After a brief examination of the forwarding process, we can recognize that there are many steps involved in moving a packet between two points in a network. Its beneficial to understand it so we can comprehend what was done to improve it and the reasons behind it.
Where do we start? Or better said: When?
Everything began in a not-so-distant past right around the corner. Hop on the time machine and let's travel back in time to the late 80s and early 90s, where there were no beefy routers, fancy line cards and hardware accelerated operations. Everything was a matter of wisely using processing power and saving CPU cycles for a rainy day.
In the late 80's, process switching was the first and simplest mechanism used to accomplish packet delivery in networks. The forwarding process was performed by the router’s CPU in a per-packet basis from the moment the packet was received on an inbound interface until its forwarding was made via an outgoing interface. Very simply put, the process switching was nothing else than executing the 9-step process outlined above again and again for every received packet individually, with the procedure being implemented as a standalone running process of the network operating system run on the router.
In the process described above, the router would spend most of the time in a couple of steps, first sifting through the routing table for the destination address in the packet, finding the next hop and the outgoing interface (possibly through recursion), and then looking up the physical address of the next hop (mechanisms like ARP to map Layer 3 to Layer 2 addresses were key in this step). Improving the throughput and lowering the packet routing and switching latency therefore aimed at making these processes as efficient as possible.
The process of routing a packet involves small but important changes to its header information. From a 10000-foot view, looking at a packet fully encapsulated in a frame before and after being forwarded by a router, the most important change lies in the data link header. Building the new frame header is commonly referred to as frame rewrite, as it describes what essentially happens: rewriting the frame header based on known information about the packet’s next hop and how to forward it further. Looking up the necessary information to perform a frame rewrite is one of the most resource-intensive tasks of the whole forwarding process, and having to perform it each time a packet was received from scratch was inefficient.
All these steps executed for every single packet were burdensome and became a process difficult to maintain over time when throughput in networks was increasing. Scale and speed took their toll when demands were ramping up and routers became bottlenecks in the networks not able to accommodate growth.
“Congratulations, it's a…” fast switching? - It was born!

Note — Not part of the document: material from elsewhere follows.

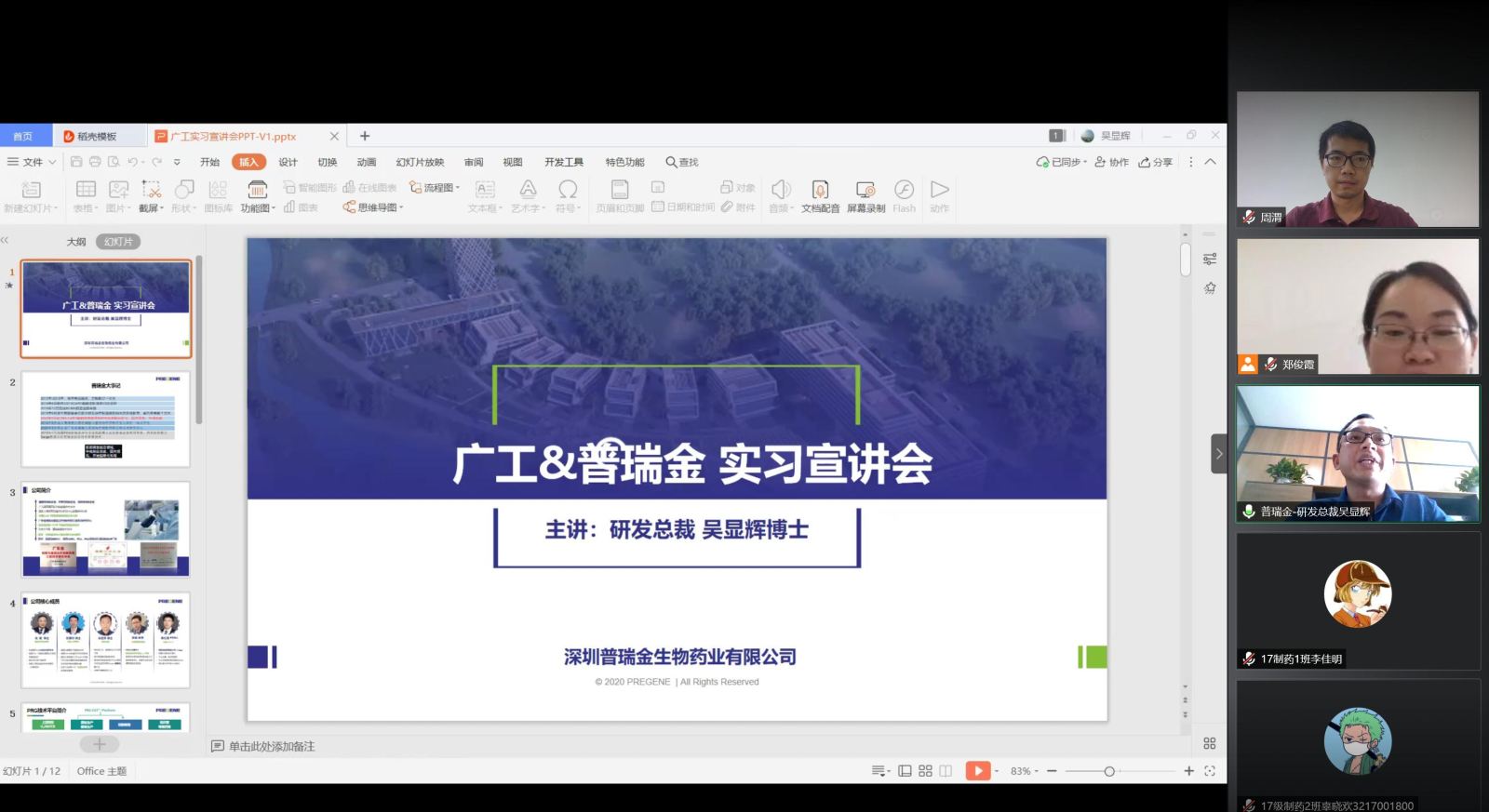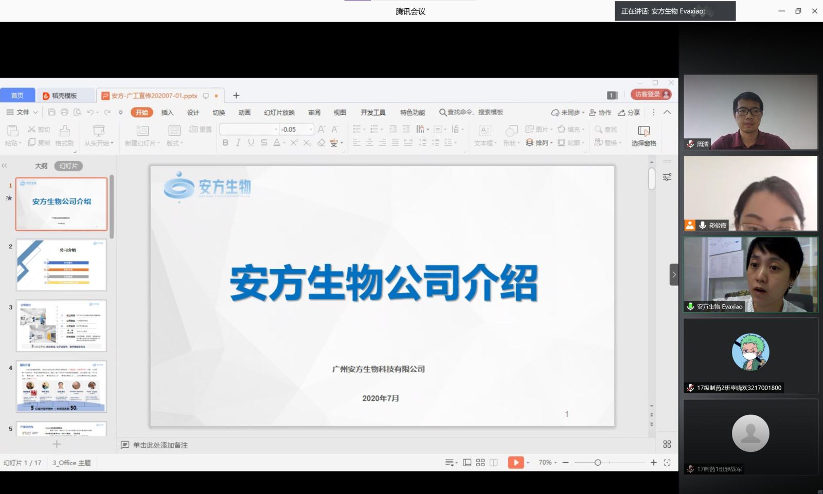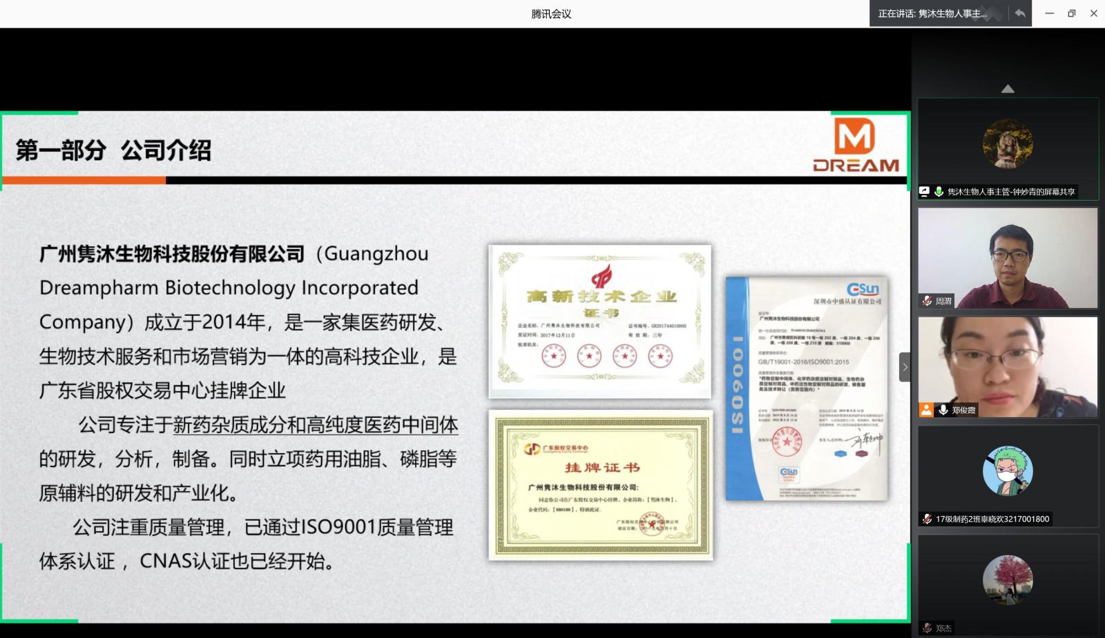 2020年7月15日,漫蛙漫画 联合广东省十三家生物医药企业,举行校企联合培养宣讲会,正式启动2017级“3+1”校企联合培养计划。广东省测试分析研究所等十三家生物医药企业代表,学院党委副书记张智,副院长郑杰,校内导师代表周渭、廖问陶、王华倩、汤亚东、王文霞、刘旭杰,2017级制药工程和生物工程专业学生等参加了此次的宣讲会。宣讲会由制药工程系主任郑俊霞主持。

One of common approaches used in computers systems to improve an algorithm’s efficiency is caching: Making use of a previously calculated request, and storing it to serve the data faster for a later request with the same set of inputs. Fast switching allowed packets to follow the “route once, switch many times” paradigm, making use of an “on-demand caching” where the first packet of a request was process-switched and lookup results stored in cache, and then used for future packets, therefore reducing computing time and aiming to optimize resource consumption. Whenever a packet arrived, its destination address would first be looked up in the cache. If the cache contained a match, the forwarding information stored there would be used to route the packet right away. If not, the packet would be process switched, and the results added to the cache for future use.
What would this cache contain? The data stored in the cache would include the destination IP address, next hop information, and data link header information that would be written into the frame before sending it out through the outgoing interface. Any subsequent packets to the same destination would already have the complete forwarding information handy, without the need of process-switching them.
Although Fast Switching was an undisputed improvement, it also had significant downsides: If the router suddenly received a large burst of packets for destinations that were not yet in the cache, the cache would need to be built for all of them. The router would effectively regress to process-based switching for these packets, hindering the advantages fast switching could bring. Furthermore, whenever the routing table or the Layer3-to-Layer2 mapping tables were updated, the affected entries in the fast cache had to be removed since they became outdated. Initial packets for the affected destinations would therefore again need to go through process switching. In addition, load sharing in Fast Switching was rather limited: When a Fast Cache entry for a new destination was created, the router remembered the exact outgoing interface for the packet. All other packets to the same destination would hit the same Fast Cache entry and so would be sent out the same outgoing interface that was determined when the first packet was process switched.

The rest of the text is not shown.